Run Alloy in Docker alongside existing containers

# Add to existing docker-compose.yml or run standalone

docker run -d \
  --name alloy \
  --restart always \
  --network host \
  -v /var/log:/var/log:ro \
  -v /proc:/host/proc:ro \
  -v /sys:/host/sys:ro \
  -v ./alloy-config.alloy:/etc/alloy/config.alloy \
  grafana/alloy:latest \
  run /etc/alloy/config.alloy

Enable Tailscale metrics

sudo tailscale set --webclient

Tailscale Exporter (fleet metrics, runs on Mac Mini)

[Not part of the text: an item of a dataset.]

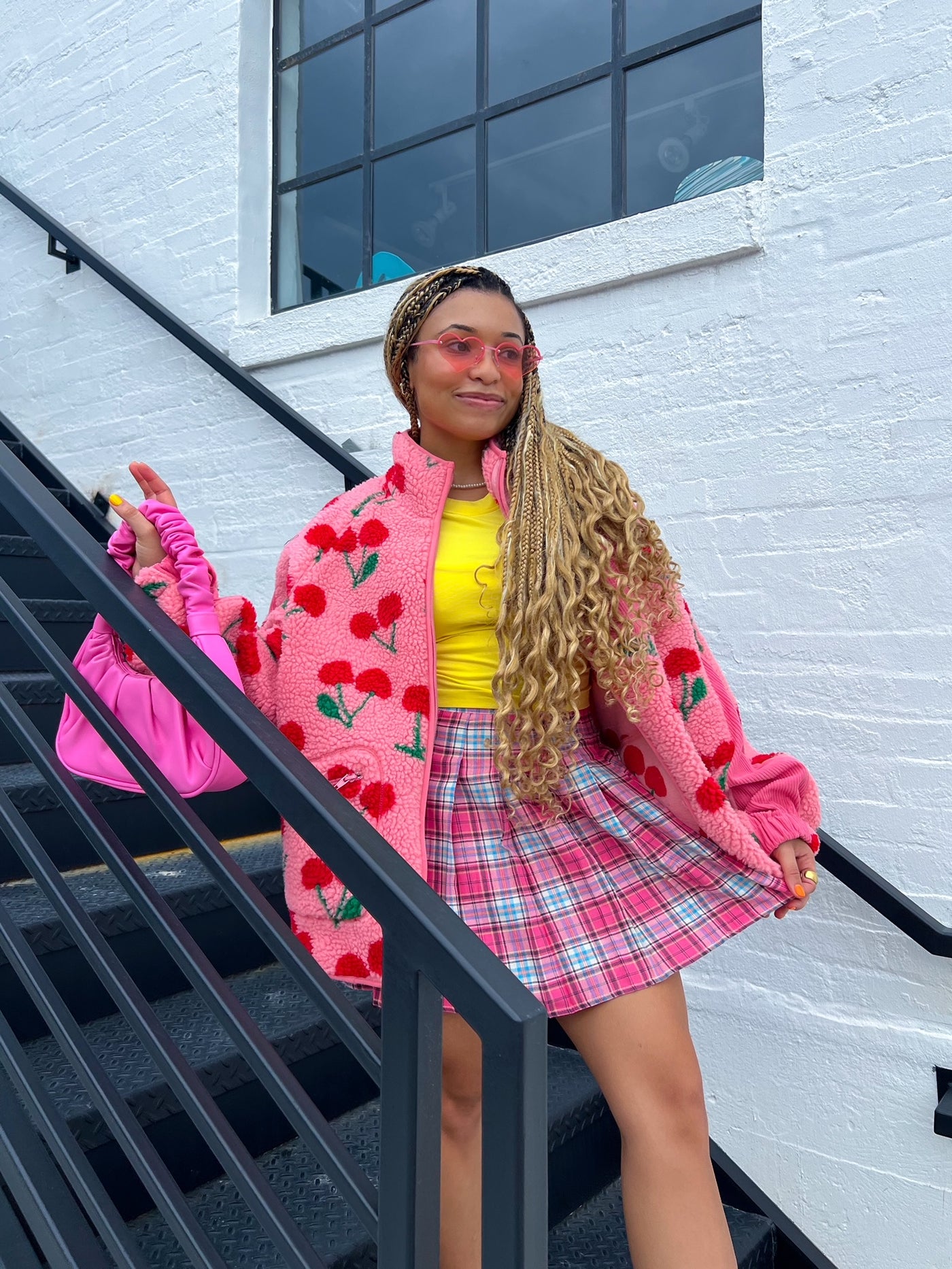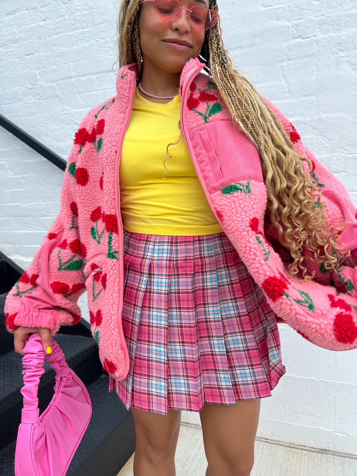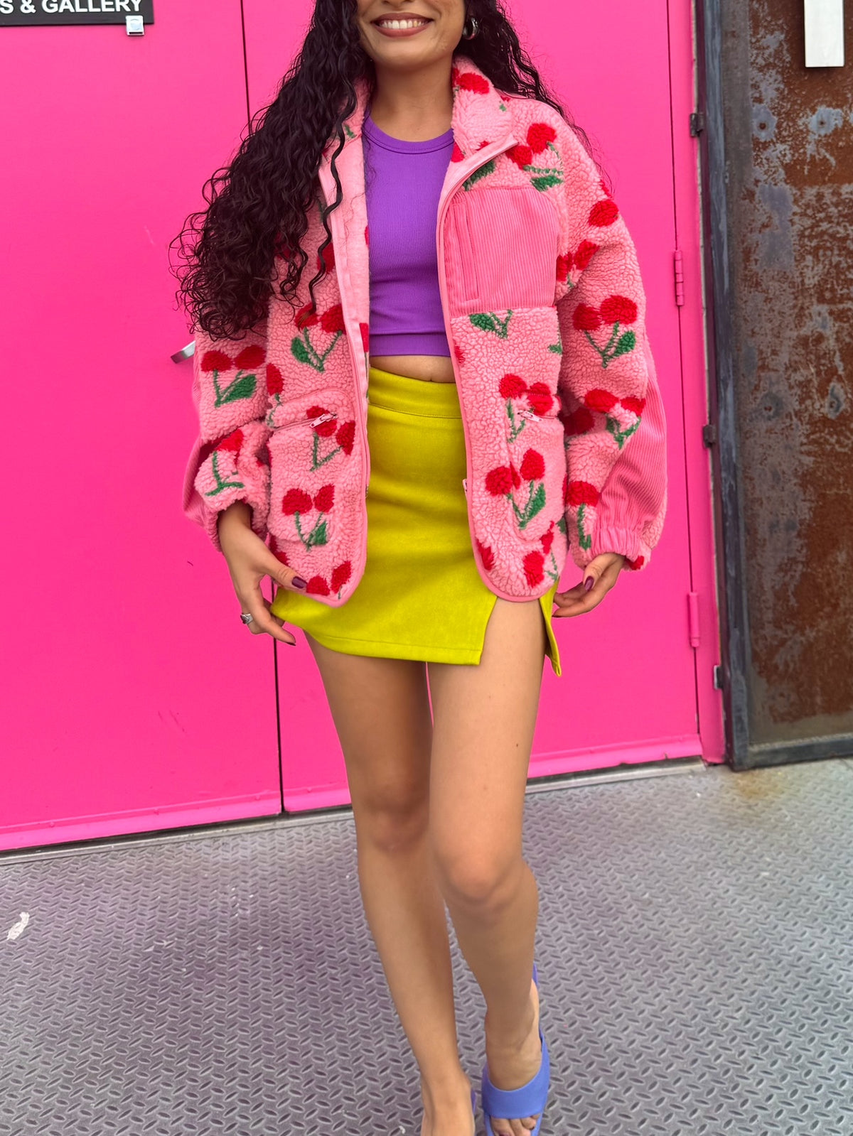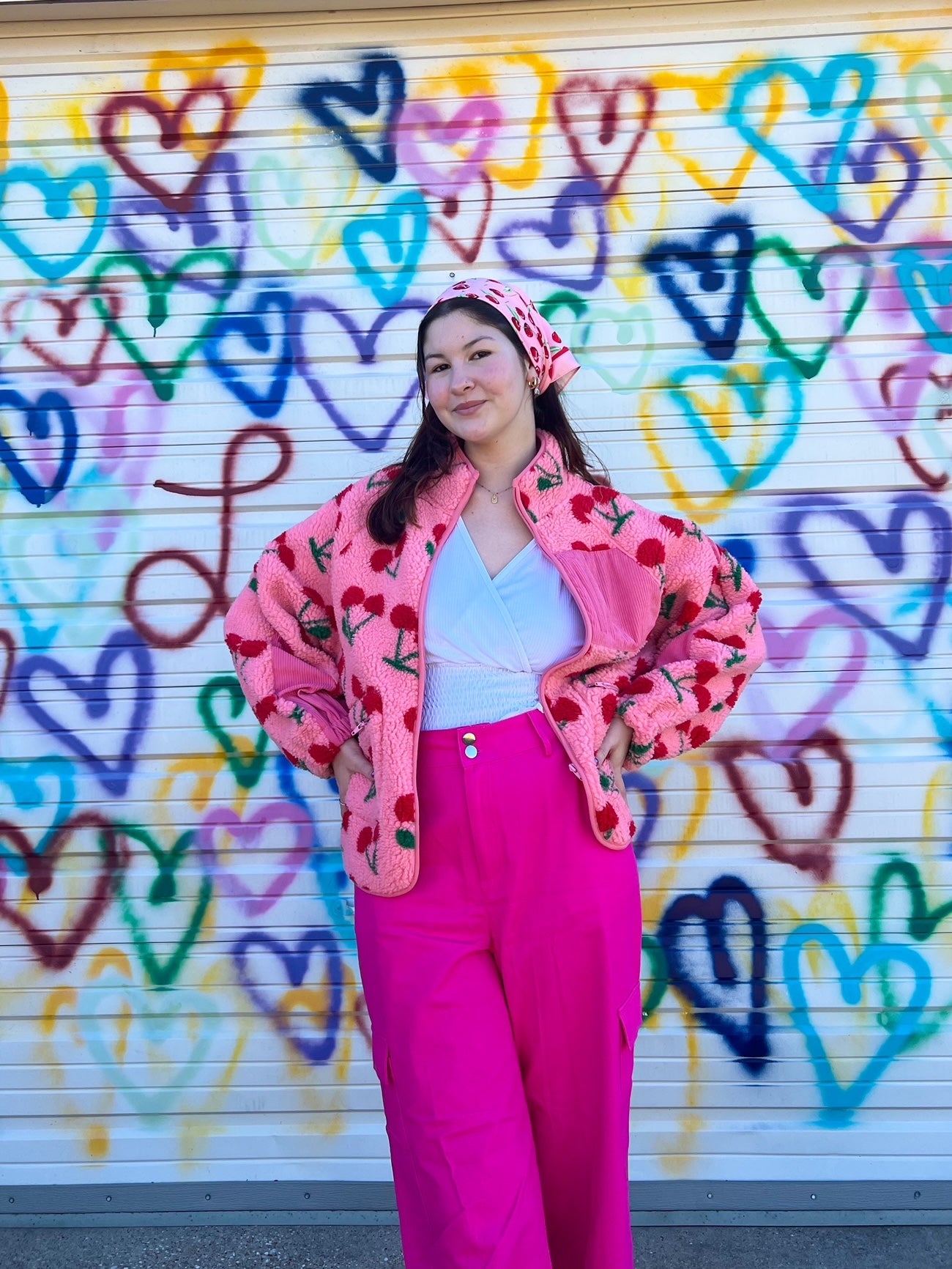 Cherry picking all year round! This pink sherpa is an eye-catcher, and perfect for chilly days where you want something fun but casual! The cherry details make all outfits colorful and iconic! Style with fun colors like purple, green, and pink, or with neutrals! Make this our go-to jacket this winter!

# Add to ~/monitoring-stack/docker-compose.yml
  tailscale-exporter:
    image: ghcr.io/adinhodovic/tailscale-exporter:latest
    container_name: tailscale-exporter
    restart: always
    environment:
      - TS_CLIENT_ID=<your-oauth-client-id>
      - TS_CLIENT_SECRET=<your-oauth-secret>
      - [email protected]

Implementation Checklist

Phase 1: Enable Prometheus remote_write

Add --web.enable-remote-write-receiver to Prometheus in docker-compose
Add Tailscale client scrape jobs to prometheus.yml
Restart Prometheus container

Phase 2: Deploy Alloy on Pi 5

Install Alloy via apt
Deploy config pointing to Mac Mini Tailscale IP
Enable tailscale set --webclient
Verify metrics in Prometheus, logs in Loki

Phase 3: Deploy Alloy on DO host

Run Alloy Docker container
Enable tailscale set --webclient
Verify metrics + logs flowing

Phase 4: Fleet monitoring

Create Tailscale OAuth client
Deploy tailscale-exporter container
Import dashboards 24177, 24178, 1860
Configure Tailscale ACLs

End state: All 3 hosts shipping metrics + logs to Ocasia's Docker stack. Tailscale mesh fully monitored. 4 Grafana dashboards. One agent per remote host.